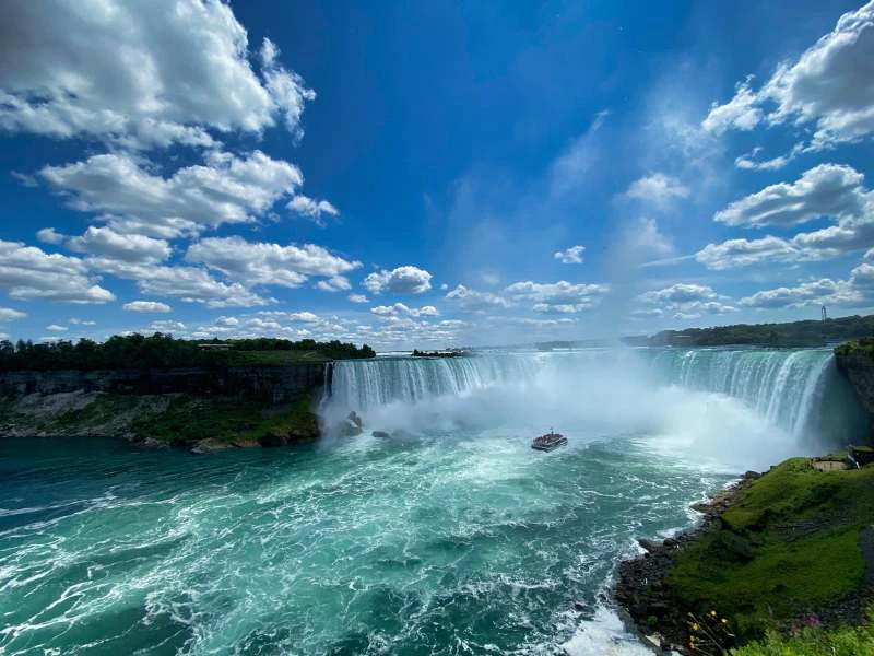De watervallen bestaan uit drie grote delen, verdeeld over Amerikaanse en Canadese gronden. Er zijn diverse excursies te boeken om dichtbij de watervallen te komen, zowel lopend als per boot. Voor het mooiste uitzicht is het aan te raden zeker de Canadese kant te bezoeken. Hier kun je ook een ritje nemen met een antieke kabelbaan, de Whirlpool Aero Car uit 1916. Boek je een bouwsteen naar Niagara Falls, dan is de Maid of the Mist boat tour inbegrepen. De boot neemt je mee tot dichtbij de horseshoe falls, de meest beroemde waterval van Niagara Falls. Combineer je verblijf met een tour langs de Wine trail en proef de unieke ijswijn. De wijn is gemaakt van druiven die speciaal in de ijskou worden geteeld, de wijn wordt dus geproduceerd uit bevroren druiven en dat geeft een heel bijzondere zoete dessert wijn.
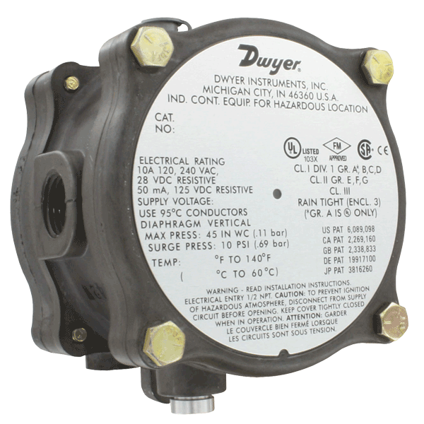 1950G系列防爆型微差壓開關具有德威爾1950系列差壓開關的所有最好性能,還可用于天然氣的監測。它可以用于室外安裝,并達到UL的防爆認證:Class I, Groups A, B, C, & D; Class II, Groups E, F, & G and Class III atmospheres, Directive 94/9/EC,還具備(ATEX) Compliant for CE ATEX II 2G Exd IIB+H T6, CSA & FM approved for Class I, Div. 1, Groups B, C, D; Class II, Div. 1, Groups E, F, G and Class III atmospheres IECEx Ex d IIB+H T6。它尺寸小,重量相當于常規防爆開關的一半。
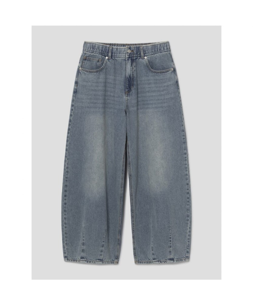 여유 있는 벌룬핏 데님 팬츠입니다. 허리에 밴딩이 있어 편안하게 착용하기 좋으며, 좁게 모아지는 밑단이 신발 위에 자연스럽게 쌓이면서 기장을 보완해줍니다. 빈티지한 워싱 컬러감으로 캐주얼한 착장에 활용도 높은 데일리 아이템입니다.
--
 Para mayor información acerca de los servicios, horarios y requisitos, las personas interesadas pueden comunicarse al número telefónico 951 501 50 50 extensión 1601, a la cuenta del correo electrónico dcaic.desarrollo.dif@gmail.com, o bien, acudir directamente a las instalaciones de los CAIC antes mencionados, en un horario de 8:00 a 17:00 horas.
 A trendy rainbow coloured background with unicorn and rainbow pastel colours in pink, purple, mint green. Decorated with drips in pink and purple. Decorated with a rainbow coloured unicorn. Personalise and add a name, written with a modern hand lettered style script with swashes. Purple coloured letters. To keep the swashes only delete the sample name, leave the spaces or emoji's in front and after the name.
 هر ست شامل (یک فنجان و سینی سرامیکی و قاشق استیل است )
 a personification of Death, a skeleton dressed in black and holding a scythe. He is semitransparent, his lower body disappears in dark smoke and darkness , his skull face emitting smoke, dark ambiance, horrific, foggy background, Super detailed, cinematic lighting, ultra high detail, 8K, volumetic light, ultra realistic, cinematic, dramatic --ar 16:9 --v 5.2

Exercise
An exact copy of the lines above, from the one containing "A trendy rainbow" down to the one containing "هر ست شامل (یک" and including both, is the whole answer; retype it and nothing else.

Written response
 A trendy rainbow coloured background with unicorn and rainbow pastel colours in pink, purple, mint green. Decorated with drips in pink and purple. Decorated with a rainbow coloured unicorn. Personalise and add a name, written with a modern hand lettered style script with swashes. Purple coloured letters. To keep the swashes only delete the sample name, leave the spaces or emoji's in front and after the name.
 هر ست شامل (یک فنجان و سینی سرامیکی و قاشق استیل است )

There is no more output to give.